She nodded. “It’s not like Mama hadn’t been real sick. She had a couple of strokes in the last few years, and she didn’t even recognize us anymore. But still, it was a shock.” She rubbed her upper arms, as if to warm herself. “I’d just stepped out to the vending machine, and when I came back, she was gone. Choked on a bite of chicken.”

“Jesus. I’m sorry.”

She fiddled with her braid and changed the subject. “You believe me about Dakota?
I
believed you.”

“Yeah. I believe you.” Unless something proved otherwise. “What do we do now?”

“I don’t know.” She pulled her braid around and rubbed it absently between her fingers. “I don’t like being lied to.”

“It’s not personal. It’s an investigation.”

Her smile was tight. “License to lie?”

“Something like that.”

She nibbled at the tip of the braid. It was a gesture Maria might have made. “You think you can catch this son-of-a-bitch?” she said at last.

“I’m pretty sure I can.”

“All right, then.” She slid back into my arms and rested her head against my chest. It felt good to have her there.

This time, when she kissed me, I didn’t object.

W
ELL?” SHE LAY CURLED
along my side, one arm across my chest, fingers toying with the hairs around my nipple. “Did I rock your world?”

I bent down and kissed her shoulder.
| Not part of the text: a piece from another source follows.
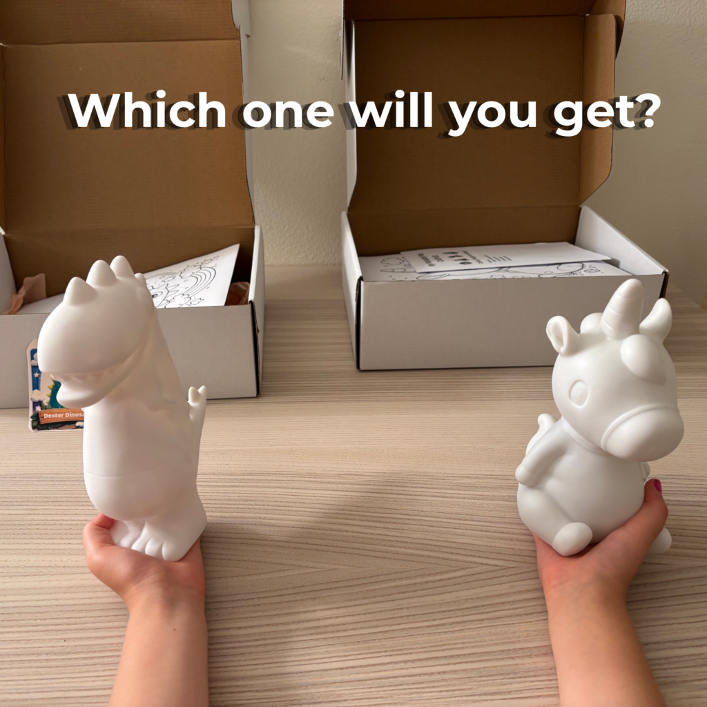 Each Paintable Pal is a cute, shatter-resistant piggy bank designed to hold your coins while showcasing your artistic flair. With adorable character designs and a smooth acrylic surface, it’s the perfect canvas for creativity. Characters include Dexter Dinosaurs, Ulysses Unicorns, Ella Elephants, Bubbles, Bunny, Kiko Kitsune (9-tailed fox) & more.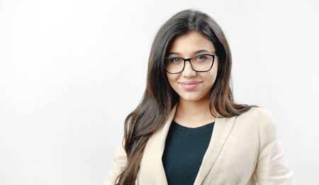 Portrait of smiling young dark haired woman wearing spectacles isolated on white background looking at camera

It tasted of salt. “What do you think?”

“That you should tell me you’ve never been so fantastically fucked.”

I kissed her again. “Consider it said.”

Something dark flickered in her eyes. “What’s the matter, lover? Can’t shell out a compliment?”

I raised an eyebrow. “All right. My world has been completely, thoroughly, utterly rocked.”

She unwound herself from me and tugged free of the sheets. “Forget it.”

“Hey.” I sat up and stroked her hair with the back of my hand. “It was great.
You
were great.” “Best you ever had?”

Maria was the best I’d ever had, but it wasn’t fair to compare. I loved Maria. “Yes,” I said.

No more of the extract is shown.